A ClusterServingRuntime defines the templates for Pods that can serve one or more particular model. Each ClusterServingRuntime defines key information such as the container image of the runtime and a list of the models that the runtime supports. Other configuration settings for the runtime can be conveyed through environment variables in the container specification.
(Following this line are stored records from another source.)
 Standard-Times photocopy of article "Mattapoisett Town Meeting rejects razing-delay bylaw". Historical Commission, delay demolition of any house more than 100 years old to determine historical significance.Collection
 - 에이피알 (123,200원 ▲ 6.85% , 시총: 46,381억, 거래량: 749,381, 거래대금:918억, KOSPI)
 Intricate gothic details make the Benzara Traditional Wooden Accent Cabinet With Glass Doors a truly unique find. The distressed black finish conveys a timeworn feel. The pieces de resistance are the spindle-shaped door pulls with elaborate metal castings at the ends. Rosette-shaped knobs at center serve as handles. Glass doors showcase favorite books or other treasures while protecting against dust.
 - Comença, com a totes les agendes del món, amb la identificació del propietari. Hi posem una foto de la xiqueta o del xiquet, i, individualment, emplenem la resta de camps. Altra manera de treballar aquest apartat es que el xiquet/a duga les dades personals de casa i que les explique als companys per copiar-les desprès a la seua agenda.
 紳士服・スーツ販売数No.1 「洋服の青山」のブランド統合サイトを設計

These CRDs allow for improved flexibility and extensibility, enabling users to quickly define or customize reusable runtimes without having to modify any controller code or any resources in the controller namespace.
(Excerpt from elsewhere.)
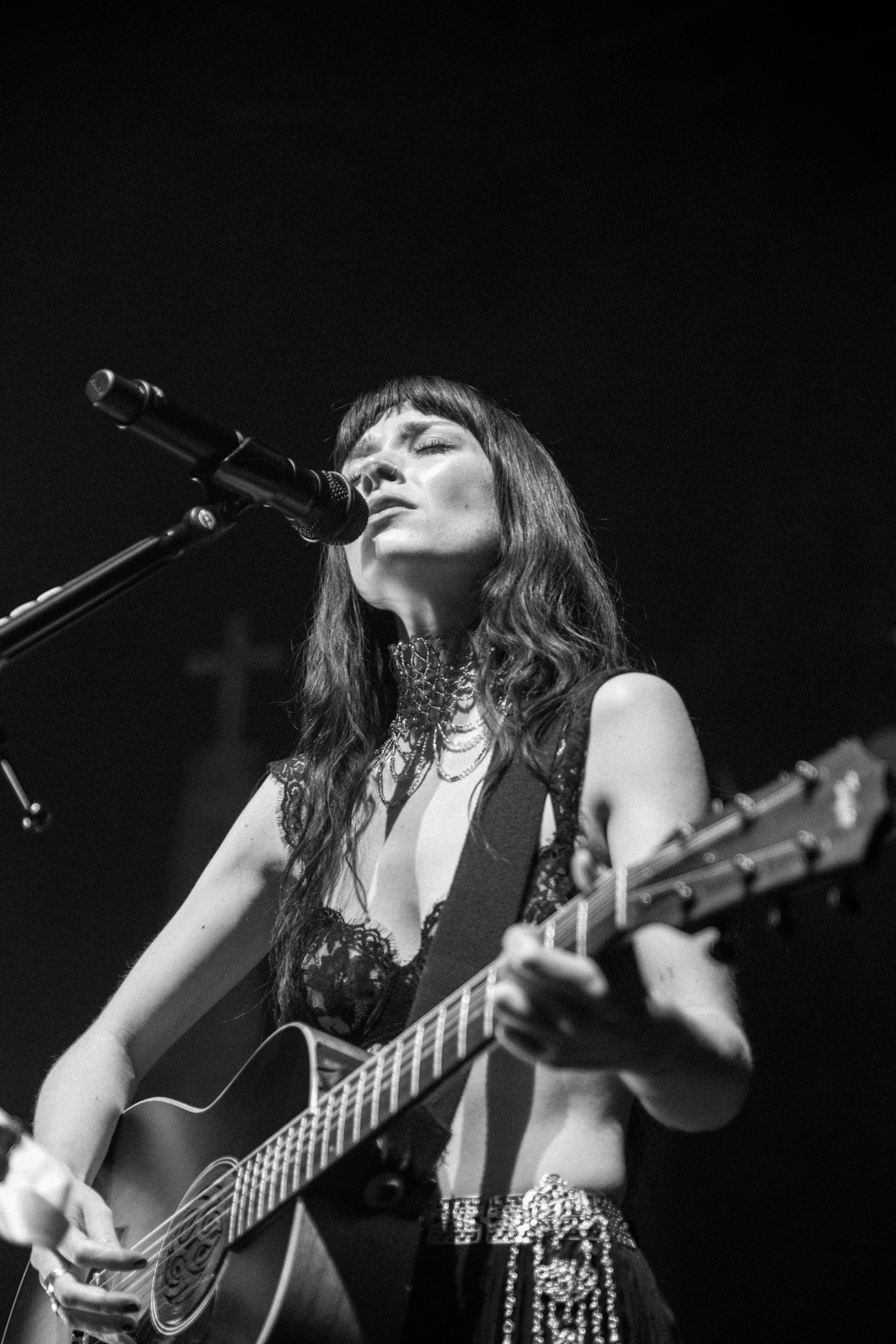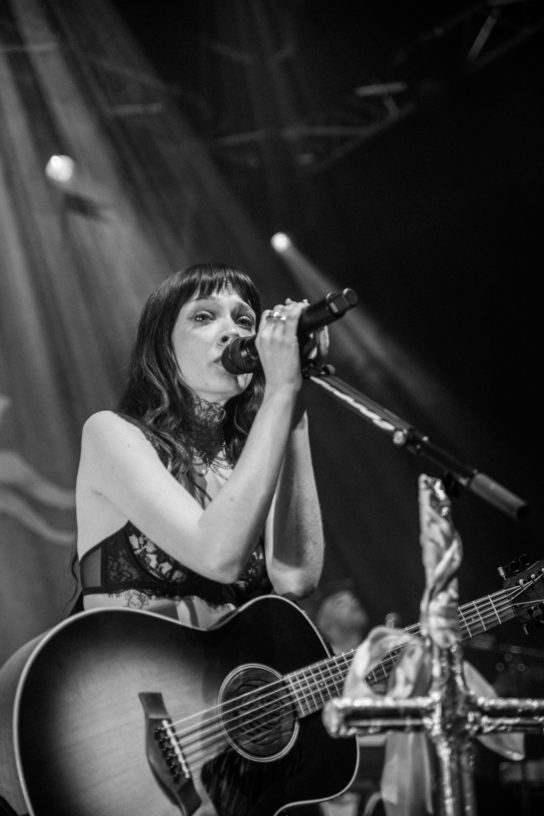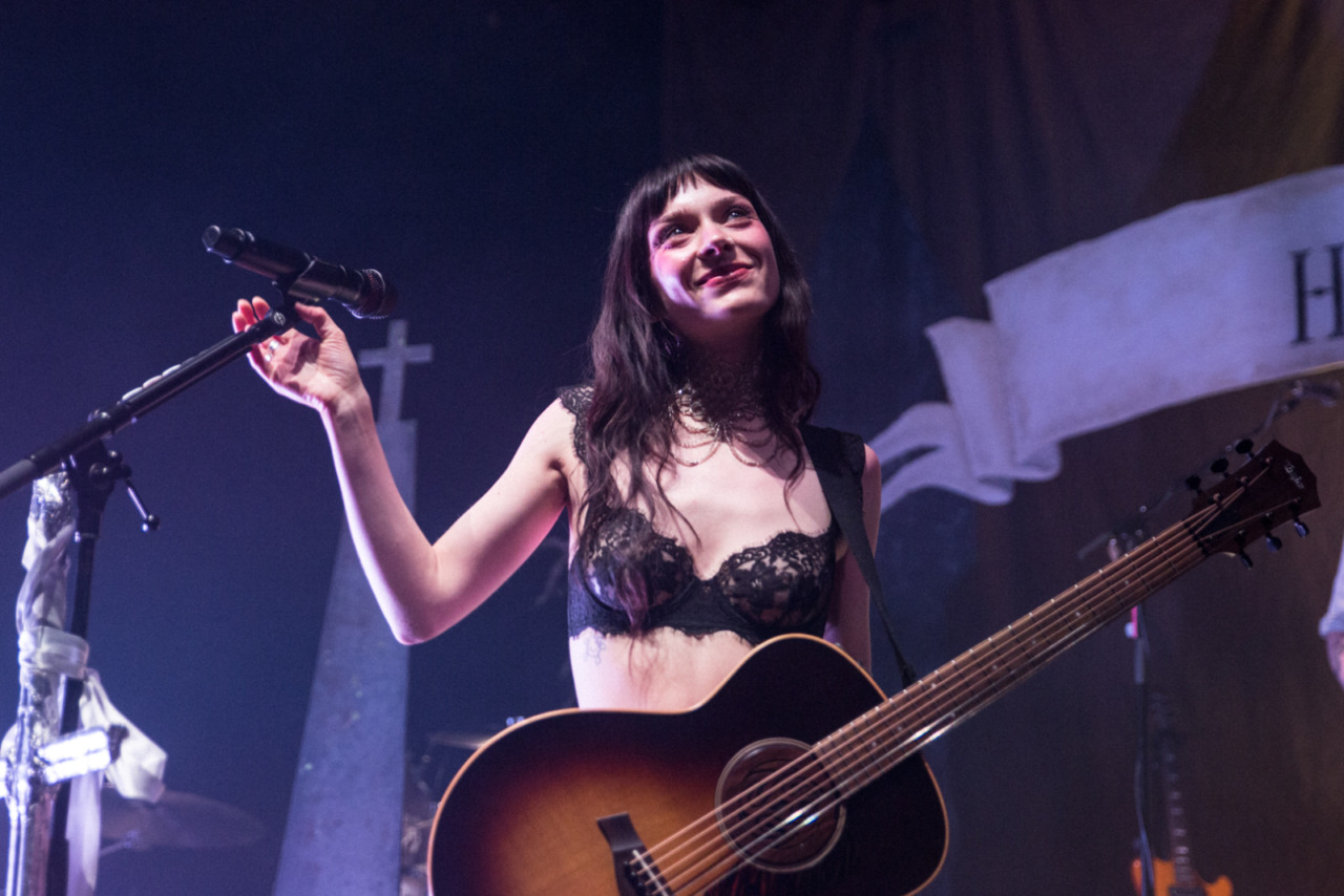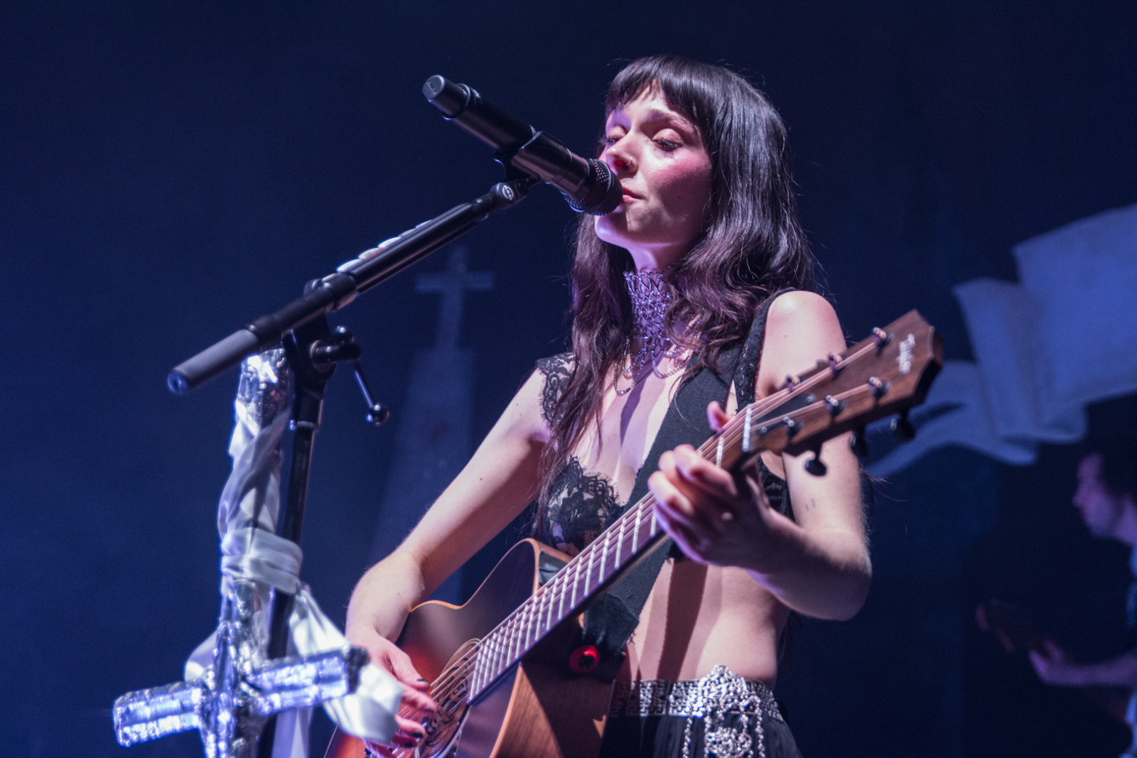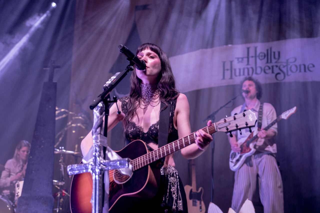 The show opens to the clanging of a clock articulated with white strobe lights. The stage is decked out in her recently adopted medieval-gothic aesthetic, complete with theatrical paper cutouts of cross headstones, barren trees and flowers (as seen in the Cruel World music video). After her three bandmates take to their places, Humberstone steps out nonchalantly in sheer black hareem trousers and a lace bralette to perform one of the opening tracks off the new record, Make It All Better. Rocky drums by Lauren O’Donnell Anderson, shreddy guitar by Jack Louis Rennie and steady bass by Seth Tackaberry seep into every crevice of the building, washing over the warm, intergenerational sea of smiles and sways. Without missing a beat, the band transitions into To Love Somebody, one of the upcoming album’s hooky singles. Lights shine on the audience for the “It always does” call and response section of the song, illuminating groups of friends holding each other as they sing.

The following is an example of a ClusterServingRuntime:
apiVersion: ome.io/v1beta1
kind: ClusterServingRuntime
metadata:
name: srt-mistral-7b-instruct
spec:
supportedModelFormats:
- name: safetensors
modelFormat:
name: safetensors
version: "1.0.0"
modelFramework:
name: transformers
version: "4.36.2"
modelArchitecture: MistralForCausalLM
autoSelect: true
priority: 1
protocolVersions:
- openAI
modelSizeRange:
max: 9B
min: 5B
engineConfig:
runner:
image: lmsysorg/sglang:v0.4.6.post6
resources:
requests:
cpu: 10
memory: 30Gi
nvidia.com/gpu: 2
limits:
cpu: 10
memory: 30Gi
nvidia.com/gpu: 2
minReplicas: 1
maxReplicas: 3
Several out-of-the-box ClusterServingRuntimes are provided with OME so that users can quickly deploy common models without having to define the runtimes themselves.
SGLang Runtimes
Note: SGLang is our flagship supporting runtime, offering the latest serving engine with the most optimal performance. It provides cutting-edge features including multi-node serving capabilities, prefill-decode disaggregated serving, and Large-scale Cross-node Expert Parallelism (EP) for optimal performance at scale.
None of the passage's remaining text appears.